Winter is full of fun activities like snowboarding, skiing, and sledding. However, not taking the proper safety precautions may lead to accidents and injuries. In fact, the Defense and Veterans Brain Injury Center reports that nearly 4 million Americans face sport or other recreational brain injuries every year. If you have experienced headaches, difficulty concentrating, sensitivity to noise, or difficulty remembering things, you may have experienced a traumatic brain injury (TBI). Traumatic brain injuries can occur after a direct bump, blow, or jolt to the head; a rapid deceleration or acceleration of your head from whiplash; or a penetrating head injury.

Prevention

Traumatic brain injuries cannot always be prevented, but there are several steps you can take to help lower the chance you or someone else will experience a severe TBI:

  • Always wear a helmet when snowboarding, skiing, sledding, or snow tubing, as well as playing a contact sport such as ice hockey. However, remember helmets do not decrease the risk of concussion. Helmets help prevent other head injuries, such as skull fracture and cuts, while minimizing the impact.
  • Make sure the helmet is worn correctly, fits well, and is in good condition. Take steps to prevent falls.
  • Know your limits. If you do not feel comfortable on a harder slope or are new to the activity, take the safer route until you are more comfortable. Assess each route before attempting.
  • Supervise children during activities in which TBI is possible, such as skiing, snowboarding, tubing, etc.

Symptoms

Traumatic brain injuries can range from mild concussions to severe, life-threatening injuries. If you suspect you or someone else may have a concussion or TBI, it is important to cease physical activity. During the minutes to hours following a head injury, the injured person should be observed closely. In concussion and milder injuries, the symptoms usually lessen over several minutes to hours. If the injured person’s symptoms worsen or their level of consciousness decreases, he or she should be taken immediately to the emergency room. Consider calling 911 if you are more than a few minutes from the hospital.

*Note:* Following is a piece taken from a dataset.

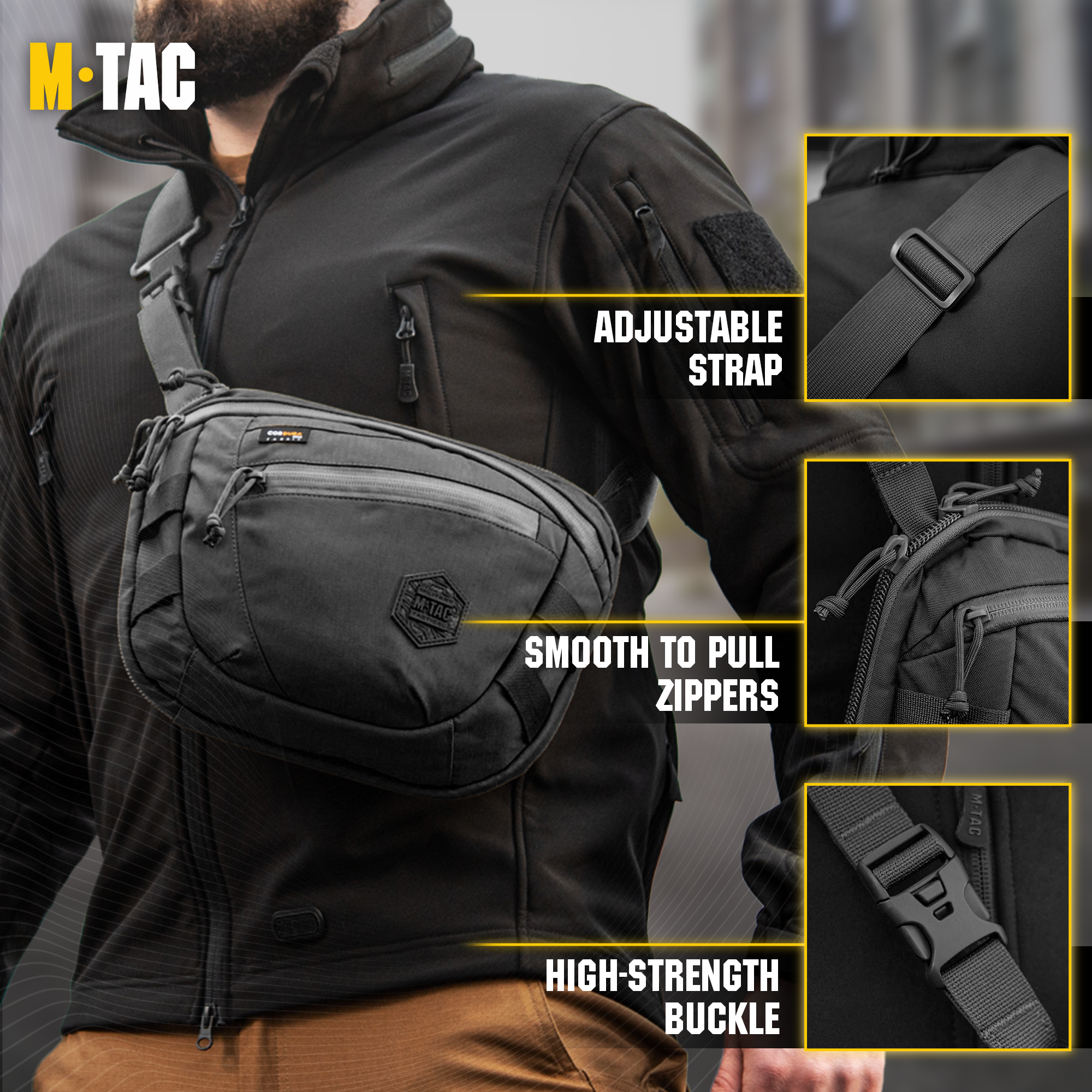 The Sphaera Hardsling Bag Large Elite from M-Tac has a stylish appearance and carefully thought-out functionality. It is made of Cordura 500D, a high-quality material, resistant to abrasion, mechanical damage and high loads. The zippers and buckles are from YKK and Woojin, world leaders in the production of accessories. This model has an adjustable shoulder strap, so the bag can be comfortably carried over the shoulder. The carefully designed compartments can accommodate all your essential items. The bag also includes a compartment for the concealed carry of weapons, while still enabling quick access. In this version, the designers have changed the location of the front pocket and added a stylish hexagon with the company logo. MOLLE straps are provided on both sides of the bag for attaching additional equipment. There is a special phone pocket on the back.

It is crucial to recognize the signs and symptoms of a concussion as early as possible. Symptoms include:
  • Headache
  • Fuzzy or blurred vision
  • Dizziness
  • Nausea or vomiting after injury
  • Balance problems
  • Sensitivity to noise or light
  • Difficulty concentrating
  • Difficulty remembering new information
  • Feeling slowed down

Some of these symptoms may occur at the time of the injury, while others may not be noticed until the person returns to their everyday life. It is a misconception that you must experience a “blackout” to have a concussion; in fact, loss of consciousness occurs in only 10% of concussions.

Treatment and Recovery

When it comes to recovery from a traumatic brain injury, physical and cognitive rest is key. Ignoring your symptoms and trying to “tough it out” often makes symptoms worse. A good adage to follow is “when in doubt, sit it out.”

Cognitive rest may include a temporary leave from work or school; shortening work or school days; and minimizing activities that require concentration and attention, such as playing video games or using a computer. Physical rest requires that people refrain from any physical exertion until they have been asymptomatic at rest without taking medications for at least 24 hours.

You should slowly and gradually return to your daily activities only after you receive clearance from your health care provider once your symptoms are significantly reduced. For student athletes, the transition back to full play should take a minimum of five days; however, ten days is more typical. If your symptoms come back or you experience new symptoms as you become more active, this is a sign you are pushing yourself too hard. If you do not think you are getting better, or think you are getting worse, tell your physician.